* [Instructions to follow]: Below are records. Transcribe exactly the lines from the one that contains "Standard sizes include" through the last line, leaving any pictures out.
┌─ Provided data
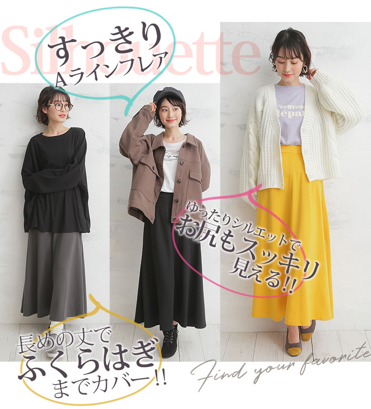 ロングスカートで裾はしっかり広がるのでとてもシルエットが綺麗です。人気カラーはすぐに完売してしまうので是非再販してほしいスカートです
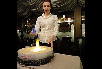 Avant l'arrivée du plat, de délicats amuse-bouche sont servis. L'arrivée des Leggera di taglioni Romantica est d'abord un plaisir des yeux. La préparation des linguines flambées à la crème de sauge, plat qui fait la réputation de cette maison ouverte depuis 21 ans, se termine en salle. Du Brandy est flambé directement dans la meule de parmesan. La serveuse joue de sa cuillère, gratte le parmesan fondu, creuse un réceptacle pour accueillir ensuite les pâtes. La sauce à la sauge encore fumante est versée sur le tout puis mélangée. Le régal des yeux terminé, place à l'explosion de saveurs !
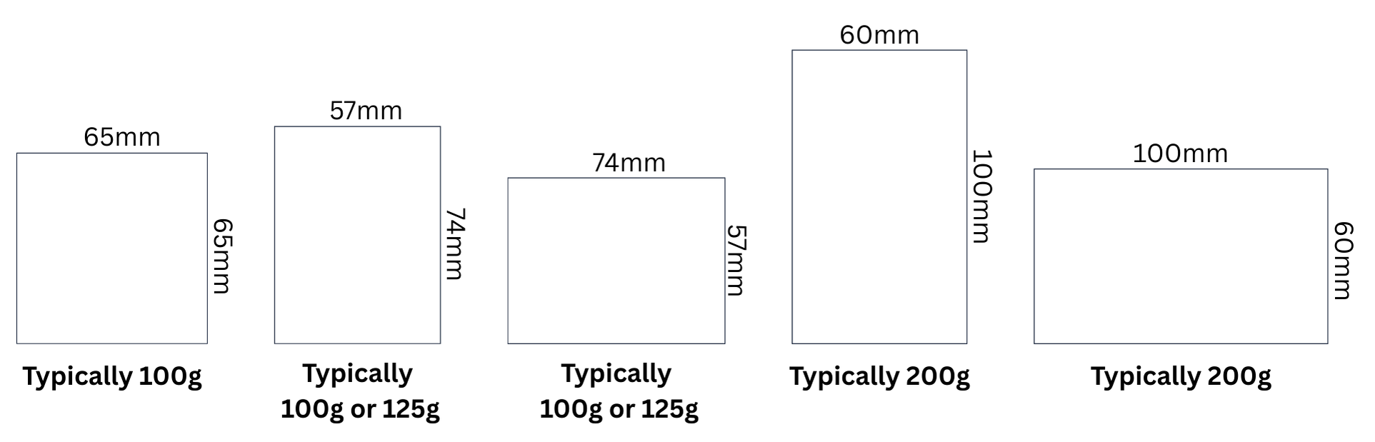 Standard sizes include 100g, 125g, and 200g bars, with bespoke options available on request.
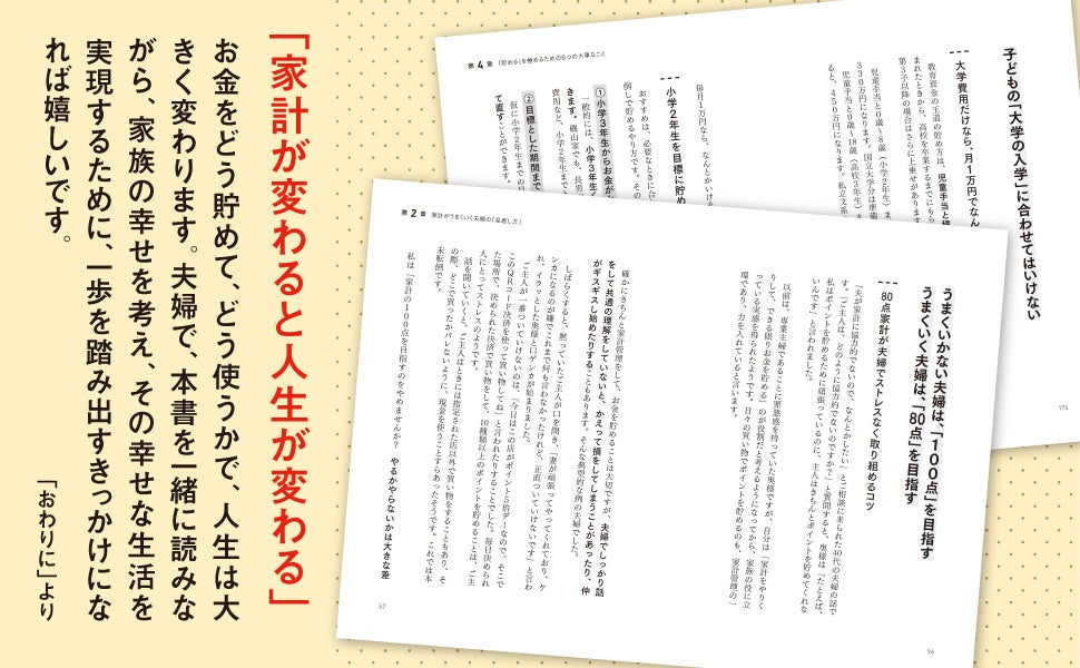 仕事優先だった会社員時代の苦い経験から、本来「家族と幸せに暮らすために仕事をしている」ことに気づき、お金の専門家となった著者は、お金のことで悩んでいる夫婦に「豊かに幸せに生活できる」家計のアドバイスが必要だと痛感しました。
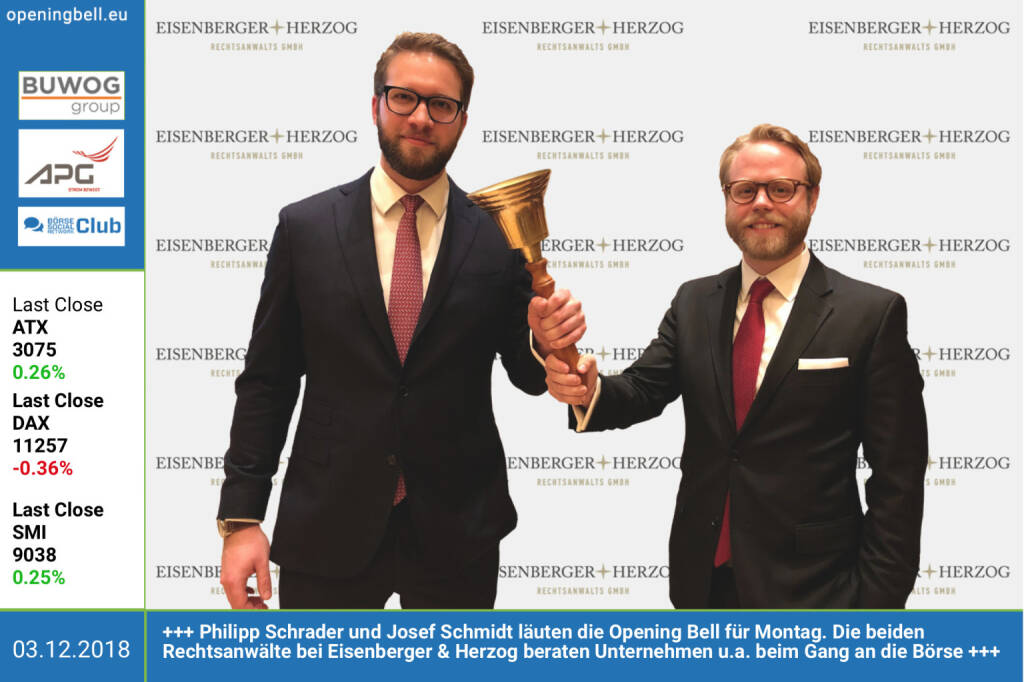 3.12.: Philipp Schrader und Josef Schmidt läuten die Opening Bell für Montag. Die beiden Rechtsanwälte bei Eisenberger & Herzog beraten Unternehmen in Kapitalmarktrechtsfragen etc. http://www.ehlaw.at https://www.facebook.com/groups/GeldanlageNetwork
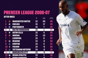 06-07赛季英超第15轮结束后积分榜:
└─
* [Answer box]:
 Standard sizes include 100g, 125g, and 200g bars, with bespoke options available on request.
 仕事優先だった会社員時代の苦い経験から、本来「家族と幸せに暮らすために仕事をしている」ことに気づき、お金の専門家となった著者は、お金のことで悩んでいる夫婦に「豊かに幸せに生活できる」家計のアドバイスが必要だと痛感しました。
 3.12.: Philipp Schrader und Josef Schmidt läuten die Opening Bell für Montag. Die beiden Rechtsanwälte bei Eisenberger & Herzog beraten Unternehmen in Kapitalmarktrechtsfragen etc. http://www.ehlaw.at https://www.facebook.com/groups/GeldanlageNetwork
 06-07赛季英超第15轮结束后积分榜:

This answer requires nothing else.